一、晨光中的演講
日內瓦聯合國歐洲總部的演講廳裡,早晨八點的陽光正透過巨大的弧形玻璃幕牆傾瀉而入。光柱中有塵埃緩緩旋轉,像時光本身可見的呼吸。
王芳站在演講臺側幕,能聽見臺下近千個座席陸續填滿的聲音——低沉的交談聲,座椅翻動的輕響,還有多種語言交織成的模糊聲浪。她今天穿著沈墨為她挑選的套裝:象牙白的西裝,剪裁利落,唯一的裝飾是胸前一枚青金石胸針——那是沈清荷的遺物,古老的深藍中有金色的細小斑點,像夜空中的星辰。
程述從後臺走過來,輕輕握住她的手。他的手心乾燥溫暖。
“緊張嗎?”
“像站在懸崖邊。”王芳實話實說,“但不是害怕掉下去的那種。是……第一次看清崖下風景的那種。”
程述笑了,在她額角輕吻:“你是對的,崖下風景值得看。”
九點整,主持人上臺。這場“全球科技倫理前沿論壇”規格極高,與會者包括聯合國教科文組織官員、各國科學院代表、頂尖大學的倫理委員會主席,以及來自產業界的領袖。王芳的環節被安排在上午第一場,主題是:“知識遺產的當代倫理重構:‘清荷計劃’的倡議”。
她走上臺時,會場安靜下來。聚光燈溫暖但不灼人,她能看清前幾排聽眾的臉——有白髮蒼蒼的學者,有年輕的研究員,也有幾個她認出來的科技公司高管。
“各位早上好。”她的聲音透過麥克風傳出,清晰平穩,“我是王芳,來自中國杭州。今天站在這裡,不僅是一位科技企業的管理者,更是一個女兒——一個試圖理解母親留下的知識遺產,併為其尋找正確歸宿的女兒。”
她身後的大螢幕亮起。不是複雜的圖表或資料,而是一張沈清荷的老照片——年輕的沈清荷站在敦煌莫高窟前,仰頭望著壁畫,側臉在陽光下泛著專注的光澤。

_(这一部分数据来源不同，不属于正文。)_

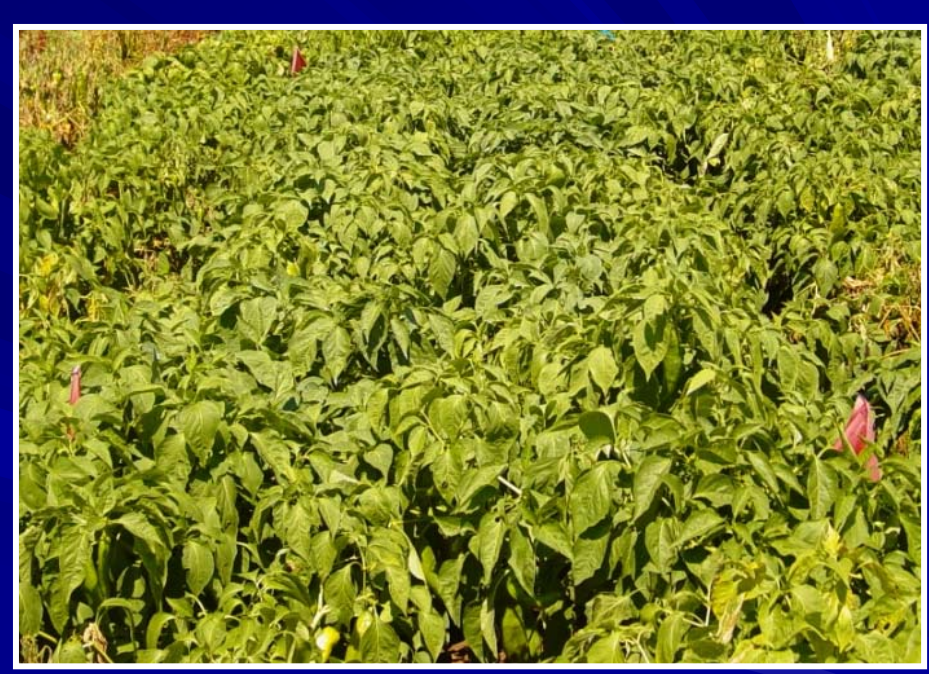
Ridomil Gold (A) Revus + Kocide DF (BCEF) Ridomil Gold Copper (DG)

“我的母親沈清荷,是一位符號學學者。她一生研究不同文明中的符號、儀式、集體記憶。她相信,人類透過符號連線彼此,也透過符號理解世界。”王芳停頓了一下,“但她臨終前,藏起了部分最核心的研究手稿,只留下一句話:‘給未來的破譯者’。”
會場裡響起輕微的騷動。
“長久以來,我不理解她為甚麼要藏起來。直到最近,當我發現母親的研究被人在暗網拍賣,被某些機構用作篩選甚至影響兒童認知的工具時,我才明白——她預見到了。預見到知識可能被扭曲,被工具化,被用來物化而非尊重人類意識。”
王芳點選遙控器。螢幕切換,展示出那份拍賣清單的截圖,以及新加坡“星圖中心”評估工具中的隱藏符號分析。
“這是一個全球性的現象。”她的聲音變得更有力,“在‘天賦教育’、‘個性發展’的美好包裝下,一些機構正在系統性地收集資料:甚麼樣的符號,對甚麼樣的文化背景的兒童,能產生最強烈的潛意識反應。他們在構建一個全球資料庫,其潛在應用令人不安。”
她看到臺下有幾位學者開始快速記錄。
“面對這種情況,有兩種選擇。一是徹底封鎖我母親的研究,讓它永遠不見天日。二是讓它被掠奪者扭曲、濫用。”王芳直視著鏡頭——她知道這場演講有全球直播,“我們選擇了第三條路。”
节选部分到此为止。